Soy civilista… combatí junto al pueblo decente la narco dictadura perredista. En democracia combatí al Toro presidente en su intento de privatizar la salud y su modelo privatizador del Hospital Integrado San Miguel Arcángel o HISMA.  Combatí las intenciones de Martín de privatizar la CSS con su modelo de Sistema Único de Salud.

Creí erradamente que a mis pesados años descansaría en el gobierno Martinelli, a quien respaldé en su campaña por la Presidencia, convencido de que el país necesitaba un hombre como él, quien pondría orden en el país.

Soy un convencido de la necesidad de combatir la corrupción que ahoga y esclaviza al pueblo panameño. Apoyo los intentos de las autoridades de identificar, investigar, perseguir y encarcelar a los corruptos, pero exijo una sola medida de justicia para los poderosos como para los humildes.
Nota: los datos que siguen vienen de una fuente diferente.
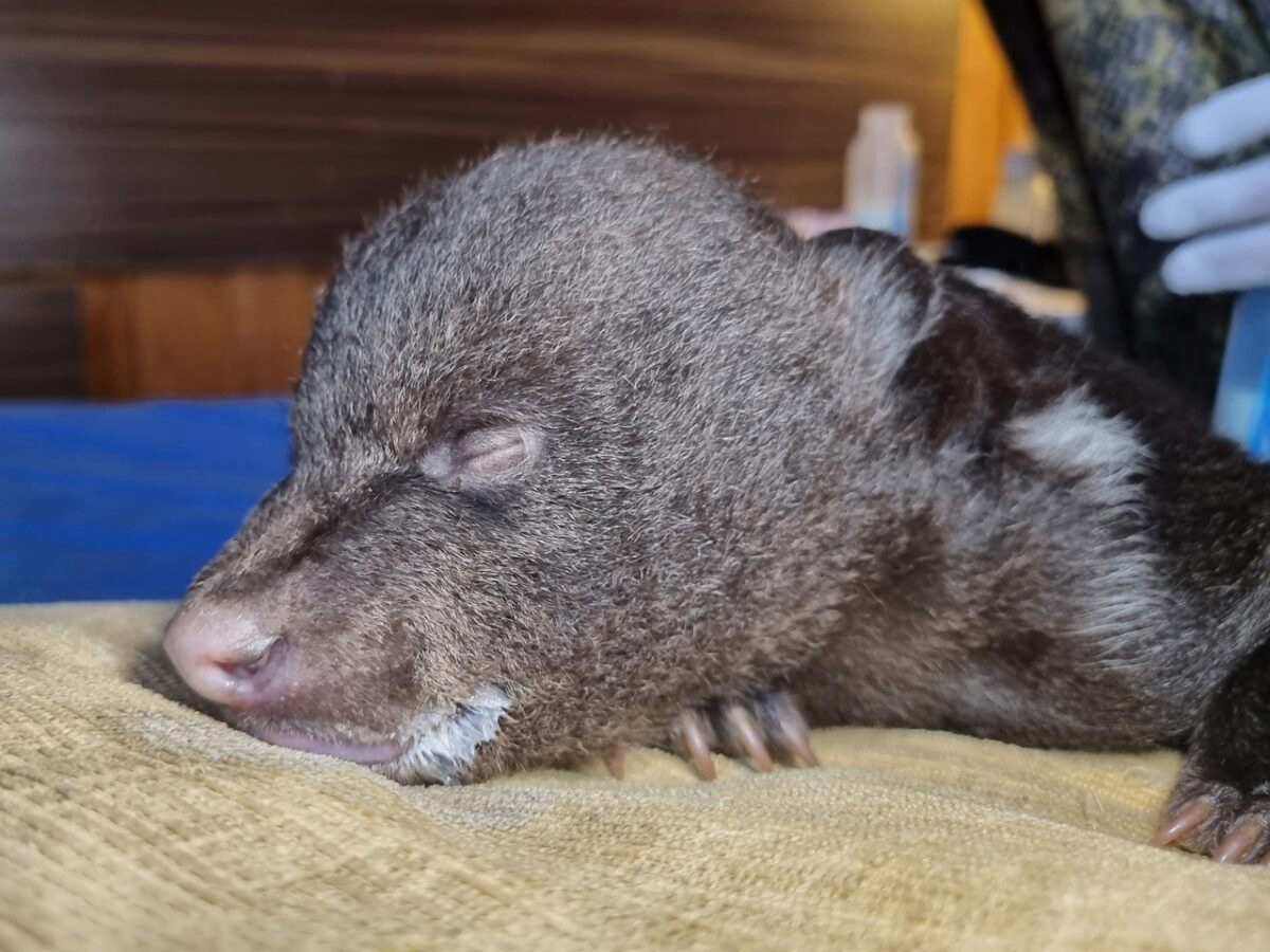 На этот раз медвежонка, оставшегося без мамы, обнаружили в Тарногском районе Вологодской области. Местный охотовед Михаил Баженов позаботился о пушистом сироте в первые сутки, а в это время специалисты Центра оперативно выехали из Тверской области за спасённым малышом.

Pido justicia para los de cutarra y para los de Florsheim. Pido un alto a la corrupción. Pido cárcel para los corruptos.

Como panameño decente, no acepto la apatía del pueblo y su displicencia ante la corrupción. Rechazo las sentencias fatalistas populares: “todos son corruptos y nada podemos hacer”; “la corrupción siempre ha existido”; “todo el que sube a un puesto grande en el Gobierno roba”; “el que tiene la oportunidad en el Gobierno es bien tonto si no coge lo suyo”.

La corrupción tiene nombre y apellido. Está dentro del hombre… lo acompaña adonde vaya. Identificando a los corruptos y llevándolos a los tribunales, identificamos a la corrupción y la combatimos. Aplaudo al Gobierno en su búsqueda de los que entraron al Gobierno limpios y salieron millonarios. Rechazo que sólo se persiga a los PRD pero a los de la alianza de gobierno traten de encubrirlos. Apoyo la acción histórica de las autoridades judiciales de encarcelar a ex ministros y a un ex ingeniero municipal con la ayuda de los artículos de La Prensa; cuestiono el trato preferencial a un ex presidente.

Es tan inmenso el grito de mi conciencia ciudadana de que tenemos que levantarnos a erradicar la corrupción en el país, que he iniciado una campaña en solitario manifestándome pacíficamente contra la corrupción acompañado de un banner con un facsímil de nuestra enseña patria.

He usado las aceras como las trincheras naturales en las cuales plantar la bandera anticorrupción. Pero he constatado que en las aceras cerca del FIS, ejercer un deber ciudadano es contra la ley. Los SPI han tratado amablemente de amedrentarme y conculcar mi derecho a la libre expresión pacífica del pensamiento. Funcionarios de esta institución consideran que no es bueno para el Gobierno que un ciudadano pacífico exprese su rechazo a la corrupción en las cercanías de sus predios, que es mejor manifestarse en la Plaza 5 de Mayo, lejos de su delicada piel.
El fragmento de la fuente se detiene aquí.